_BRIEF_
Restate all of the entries exactly, dropping any pictures they hold.

-*-

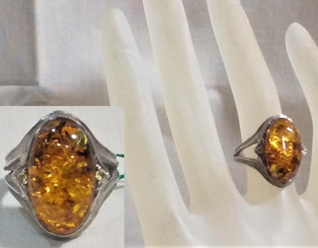 - ★最終80%OFF 琥珀 指輪 シルバー レディース マーブル Φ13 展示品 真贋保証★
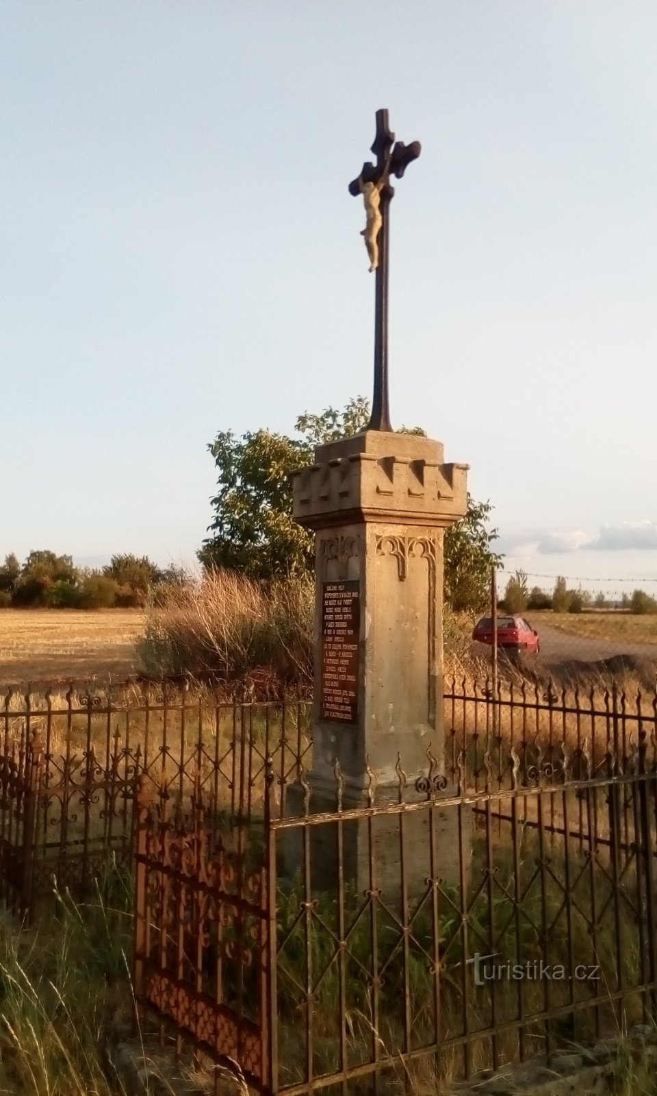 Kříž se nachází u fotbalového hřiště, v západní části obce u cyklostezky do osady Blato.Na kříži je text:
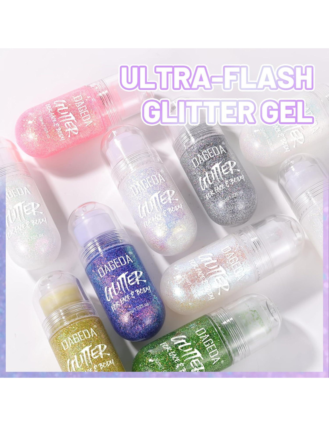 - [Fácil de Usar] La aplicación del gel de brillo es muy suave y fluida, hecho de brillo de grado cosmético, por lo que se puede usar de manera segura como brillo para el rostro. Se seca rápidamente y mantiene el maquillaje de brillo todo el día y se puede quitar con agua.
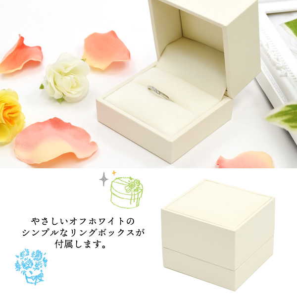 やさしいオフホワイトのシンプルなリングボックスが付属します。
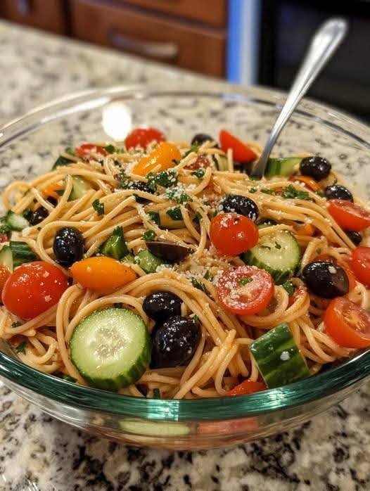 This High-Protein Veggie Pasta Salad is a refreshing and nutritious dish packed with colorful vegetables, whole wheat pasta, and protein-rich ingredients like chickpeas or grilled chicken. The combination of crisp cucumbers, juicy tomatoes, and Kalamata olives tossed in a light, zesty dressing makes for a perfect meal prep or side dish for gatherings.
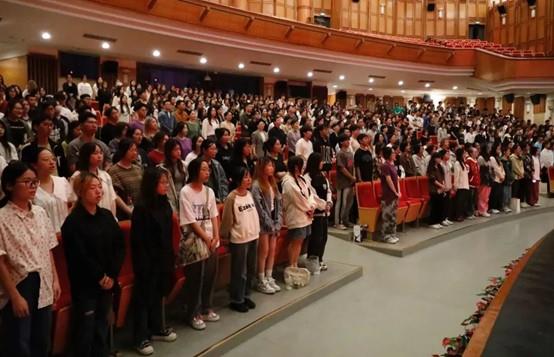 全体新生与班主任和班助合影,大会在悠扬的的校歌声中落幕。
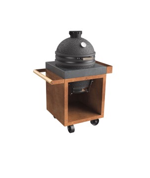La base está hecha de acero resistente a la intemperie. Gracias a un proceso químico, el acero Corten dispone de una capa protectora en su superficie que aumenta su resistencia a la corrosión atmosférica comparado con otros aceros. La capa natural de corrosión protege contra la perforación por oxidación. La encimera está hecha en hormigón, por lo que no es necesario guardar este modelo de la mesa para kamado dentro o en una zona cubierta.
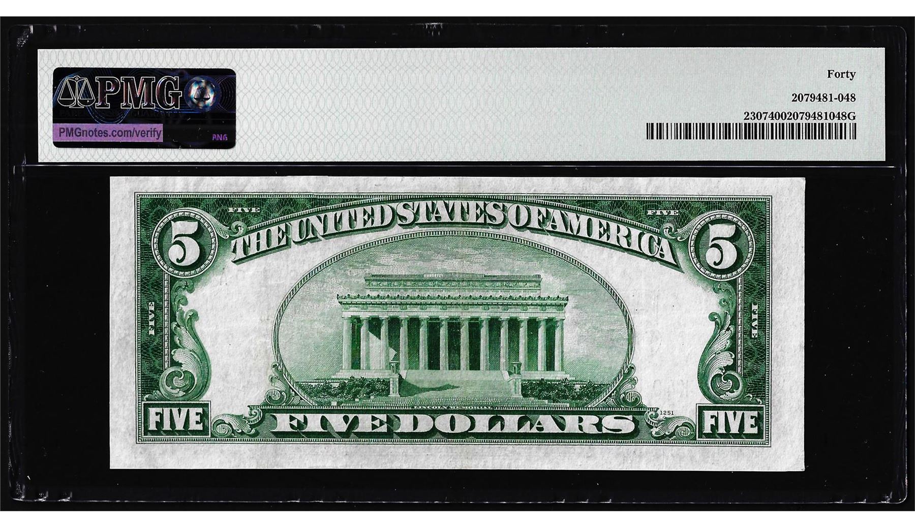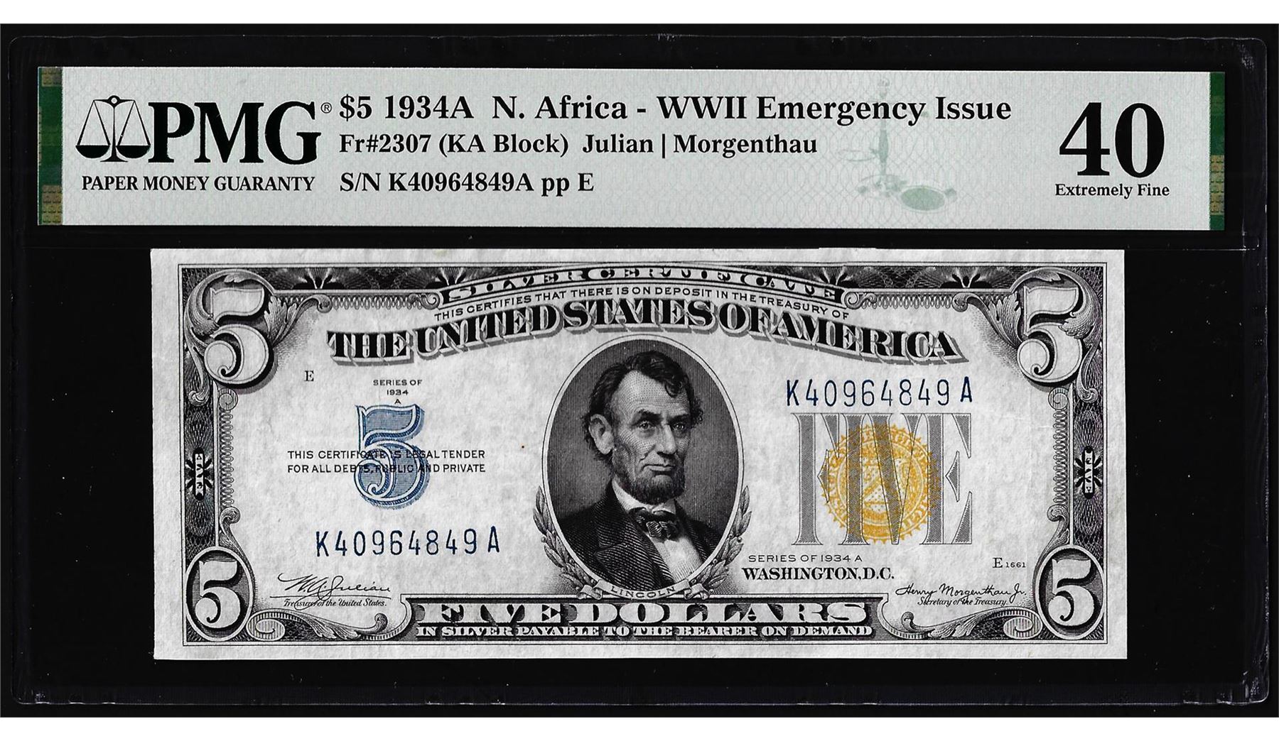 One 1934A $5 North Africa WWII Emergency Silver Certificate Note PMG Extremely Fine 40. PMG Certified.

-*-

_SOLUTION TO THE EXERCISE_
 - ★最終80%OFF 琥珀 指輪 シルバー レディース マーブル Φ13 展示品 真贋保証★
 Kříž se nachází u fotbalového hřiště, v západní části obce u cyklostezky do osady Blato.Na kříži je text:
 - [Fácil de Usar] La aplicación del gel de brillo es muy suave y fluida, hecho de brillo de grado cosmético, por lo que se puede usar de manera segura como brillo para el rostro. Se seca rápidamente y mantiene el maquillaje de brillo todo el día y se puede quitar con agua.
 やさしいオフホワイトのシンプルなリングボックスが付属します。
 This High-Protein Veggie Pasta Salad is a refreshing and nutritious dish packed with colorful vegetables, whole wheat pasta, and protein-rich ingredients like chickpeas or grilled chicken. The combination of crisp cucumbers, juicy tomatoes, and Kalamata olives tossed in a light, zesty dressing makes for a perfect meal prep or side dish for gatherings.
 全体新生与班主任和班助合影,大会在悠扬的的校歌声中落幕。
La base está hecha de acero resistente a la intemperie. Gracias a un proceso químico, el acero Corten dispone de una capa protectora en su superficie que aumenta su resistencia a la corrosión atmosférica comparado con otros aceros. La capa natural de corrosión protege contra la perforación por oxidación. La encimera está hecha en hormigón, por lo que no es necesario guardar este modelo de la mesa para kamado dentro o en una zona cubierta.
 One 1934A $5 North Africa WWII Emergency Silver Certificate Note PMG Extremely Fine 40. PMG Certified.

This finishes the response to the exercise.